The problem of how far the immigrant groups should be encouraged to modify their diet can be determined only after a careful study of their dietary practices. The price and quality of food available to immigrants must be ascertained. Their habits, customs, and preferences must be thoroughly understood. There can be no question, however, that help should be given them in making the modifications required by the changed environment.

There have been a number of suggestions of the best way to accomplish this. Visiting housekeepers or visiting dietitians have been suggested and will be discussed later. It is highly probable that help must first be given to immigrant women in their homes before they can be persuaded to attend any classes or demonstrations outside of their homes. They must gradually be persuaded to take advantage of the help obtainable in this way.

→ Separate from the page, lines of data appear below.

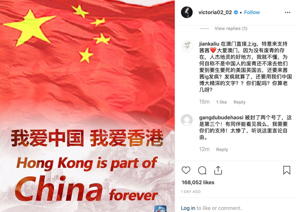 тих китайських акторів, які публічно підтримали дії поліції. Контрпропаганда Китаю Вона
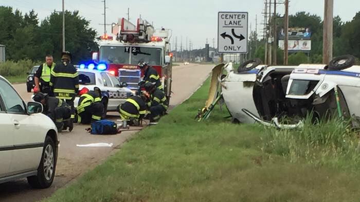 Patrolman Justin Thompson, of the Jonesboro Police Department, was flown by helicopter to a hospital in Memphis, Tennessee, after firefighters cut him out of his police car. He has since been treated and released, according to the Craighead County Sheriff's Office.
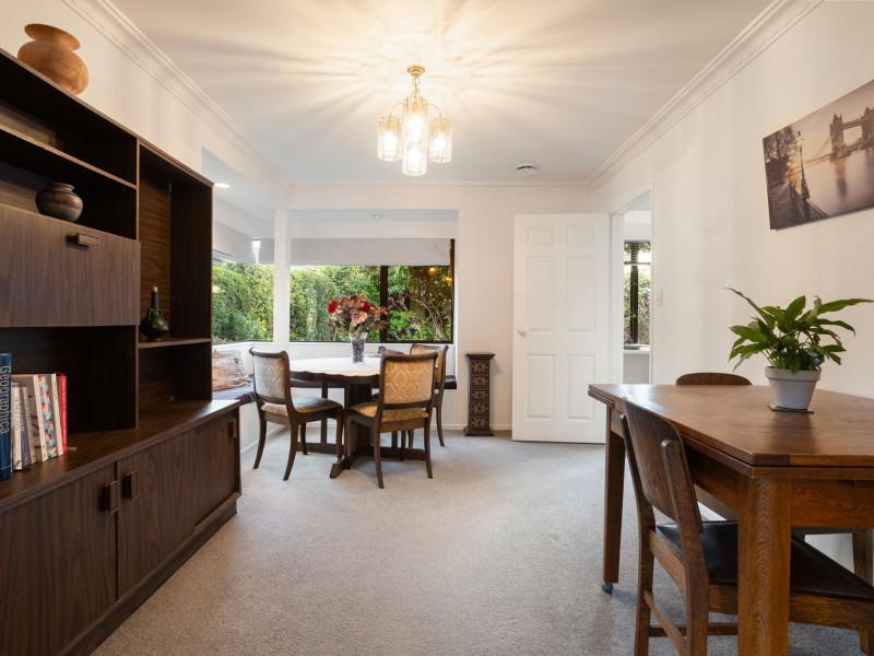 The heart of the home includes a sun soaked dining nook complete with a charming built in seat, creating the perfect space for relaxed family meals or morning coffee. With a spacious separate lounge and an additional seating area beside the kitchen, the floor plan works well for the day to day. Outside, the fully fenced section is complemented by established gardens that provide privacy and a pleasant outdoor setting, while the double garage adds practicality and extra storage.
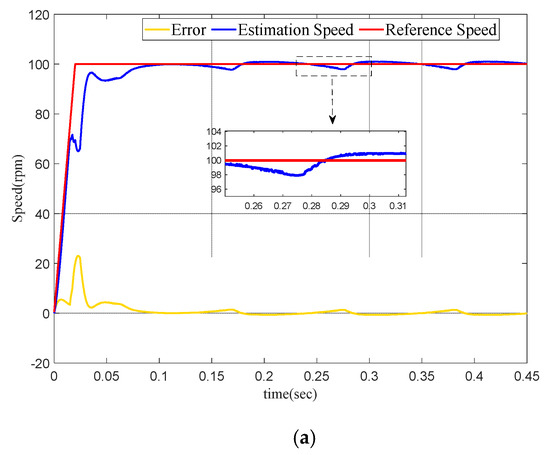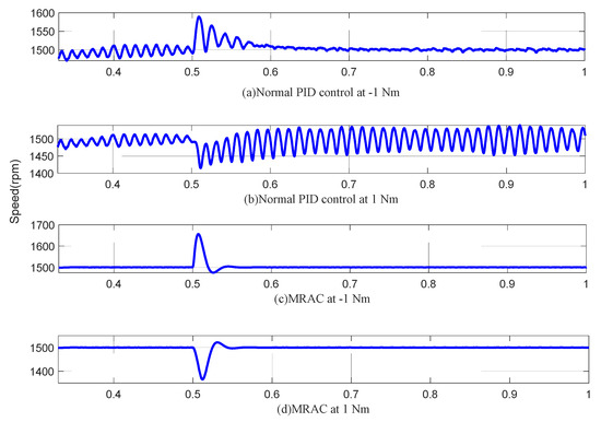 Figure 7a,b shows the steady-state speed curve of the PMSM only under the condition of PID and MRAO. It can be seen that after adding 1 N·m load torque, the speed fluctuation range is more than 100 rpm, and the speed stays at 1500 rpm after 0.6 s. However, after the load torque of −1N·m is added, the speed fluctuation still exceeds 100 rpm, and it cannot maintain stable operation under the action of −1 N·m torque.
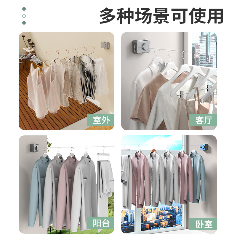 隐形晾衣绳晾衣服神器绳子室内免打孔卫生间隐形伸缩阳台钢丝绳架
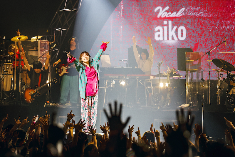 aikoは続けて届けた「アップルパイ」の曲中でメンバー紹介を挟み、オーディエンスのクラップの中で「あたしの向こう」を届け、「ハナガサイタ」で本編を締めくくった。
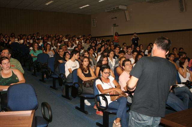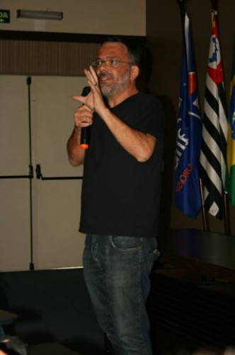 Biólogo Sérgio Rangel ministra palestra para alunos do Ensino Médio.
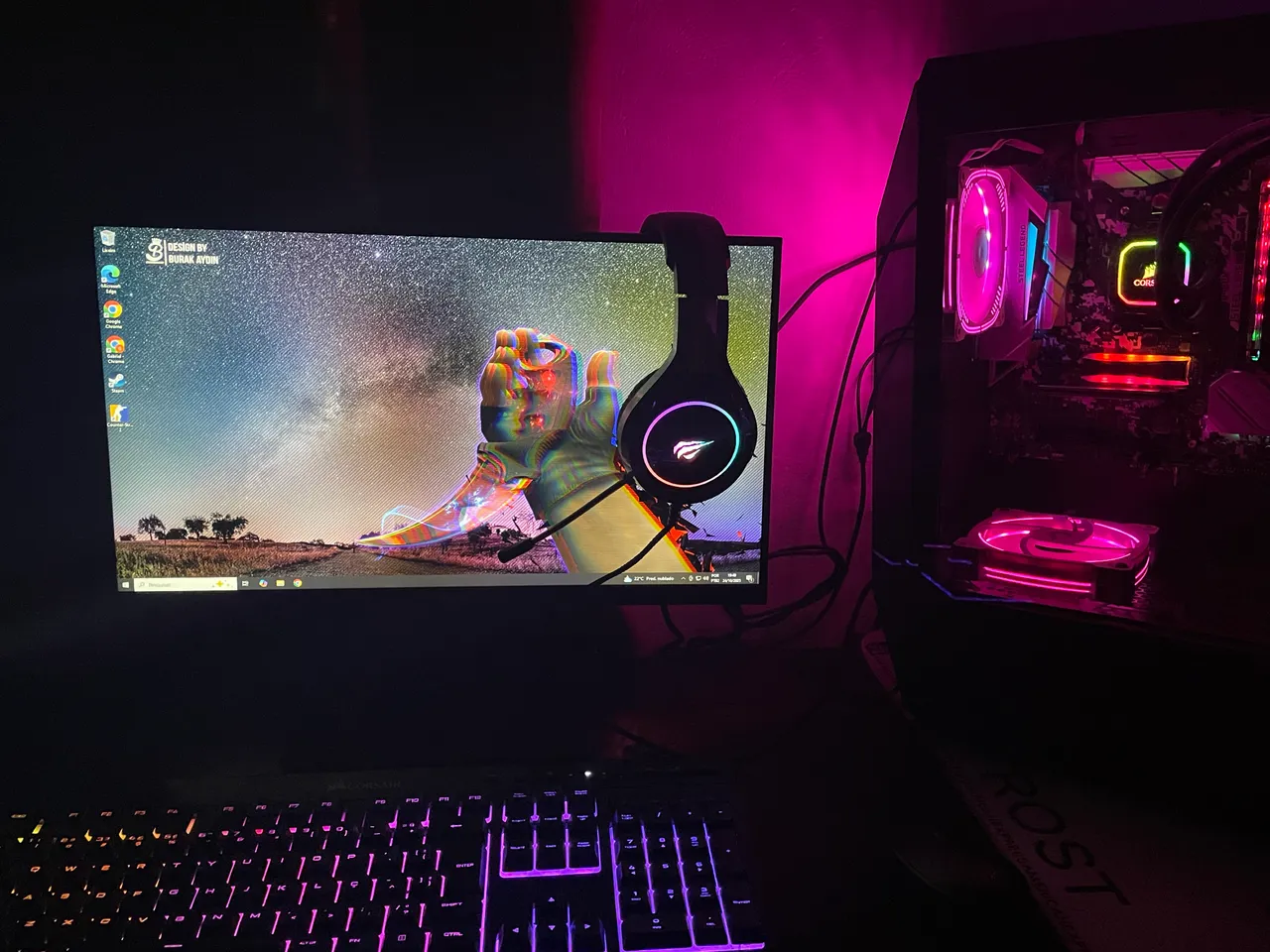 Vendo PC ? Pouco tempo de uso ? Water Cooler Corsair iCUE H100i RGB Pro XT, CW-9060043-WW Gabinete Gamer Pichau Seraph E RGB Lateral Vidro Temp, PGSE-0E1-RGB SSD Adata XPG Spectrix S40G 512GB M.2 2280 NVMe RGB, AS40G-512GT-C Memória Adata XPG Spectrix D80 RGB 16GB (2x8GB) DDR4 3200Mhz Vermelho, AX4U320088G16A-DR80 Fonte Corsair RMx Series RM550X 550W CP-9020177-WW 80 Plus Gold Processador AMD Ryzen 5 5600G 3.9GHz (4.4GHz Turbo) Placa-Mae ASRock B450M Steel Legend AMD AM4 DDR4 Valor R$ 3999
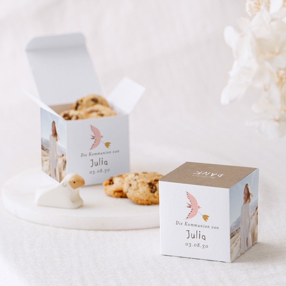 Überraschen Sie die Kommunionsgäste mit einer kleinen Geschenkbox, die Sie mit Süßigkeiten, Keksen, Gummibärchen oder einem kleinen Geschenk füllen.
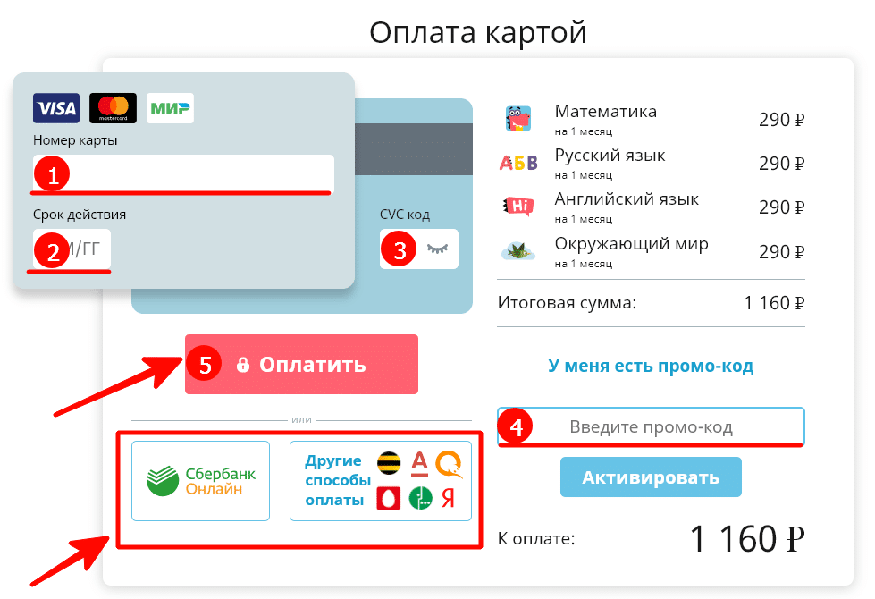 Система автоматически перенаправляет на страницу оплаты с помощью банковской карты. А также можно выбрать другие удобные способы:
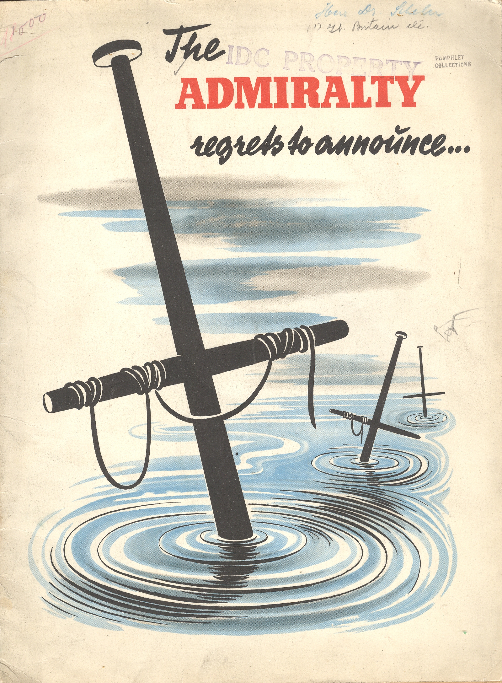 The Admiralty Regrets to Announce… was for years the standard beginning to an official British announcement concerning the loss of ships and sailors. The phrase is used as the title to this work (by an unattributed writer known only as “an expert”) to immediately introduce the reader to the failings of the British navy. It is of course a piece of Nazi propaganda, issued some time in 1941. (My copy is he U.S. copyright deposit copy and is stamped with a transfer date of September 1942; the pamphlets reads to me as though the U.S. had not yet entered the war.) The great strengths of the German air force and navy are extolled and the failings of the British mercantile elaborated at great—and sometimes greatly imagined—lengths. The booklet was published in French (except for the title) and answers its own repetitive question: “quelle est donc la situation relle de la marine commerciale anglais?”

That the whole problem of diets suited to special needs of people is being considered is evidenced by the fact that it has been suggested that food be sold by units of energy value. Dr. Graham Lusk, for example, proposed at a time of great distress in New York that the Health Commissioner attempt to persuade grocers to prepare "Board of Health baskets" which would provide 10,000 calories daily for a family of five at a minimum cost.[37] The United States Commissioner of Labor indorses the idea in the following words, "There are no insuperable obstacles in the way of selling bread, beef, pork, eggs, milk, cabbage, onions, corn, sugar—by the 100 or 1,000 calories."[38] Professor Murlin has advocated that manufacturers be compelled to place on food containers the calorie content of the package.

If such a plan could be worked out, the dietetic virtues and weaknesses of the different groups could serve as a basis for the special form in which foodstuffs were marketed in different areas. Any such project as applied to the foreign born is far from accomplishment. It is suggestive of a new attitude which does not continue to leave the matter of diet to chance.

FURNITURE ON THE INSTALLMENT PLAN

In the purchase of furniture and of clothing there is the temptation to buy on the installment plan. This plan is open to all the objections ordinarily brought against buying on credit. The buyer is tempted to overestimate his ability to pay in the future, and he may not take the same trouble to calculate the actual value of his purchase as when he pays money down. In the past the form of sale has often been such as to place him peculiarly at the mercy of the seller, who might find it more profitable to reclaim the possession of goods on which a considerable share of the price has been paid than to extend the time of payment and allow the payment to be completed.

The superintendent of the Bohemian Charitable Association says, for example, that it is very common for newly married people to load themselves with debt for household furniture, and that at least two thirds of the stoves which are commonly bought on the installment plan are taken back by the dealers before payments are finished. The immigrant from the rural community may be quite unused to purchasing furniture of any sort, and may be easily persuaded to buy what he thinks is "American style."

The Lithuanian peasant, for example, had little furniture at home. In the cottage of two rooms, one was used on the occasion of the visit of the priest or at the time of a wedding or funeral, and contained nothing but the shrine and the dowry chest of the daughters. The walls were decorated with paper flowers and cheap lithographs. In Lithuanian homes here one is struck by the fact that among the more prosperous the same sort of furniture is seen in all the houses. This consists of the heavy oak and leather sets of three or four large pieces usually sold on the installment plan by stores in the immigrant districts. It is not beautiful, and there is no reason to think that it is distinctly American, but the immigrant is not in a position to know that.

NEW FASHIONS AND OLD CLOTHES

Then there is the unsolved problem of clothing. As in the case of food, so with dress; the general effect of the organization of the department stores in the different neighborhoods can be only misleading and confusing. Many misleading devices that would no longer deceive the older residents are tried again on the newcomer.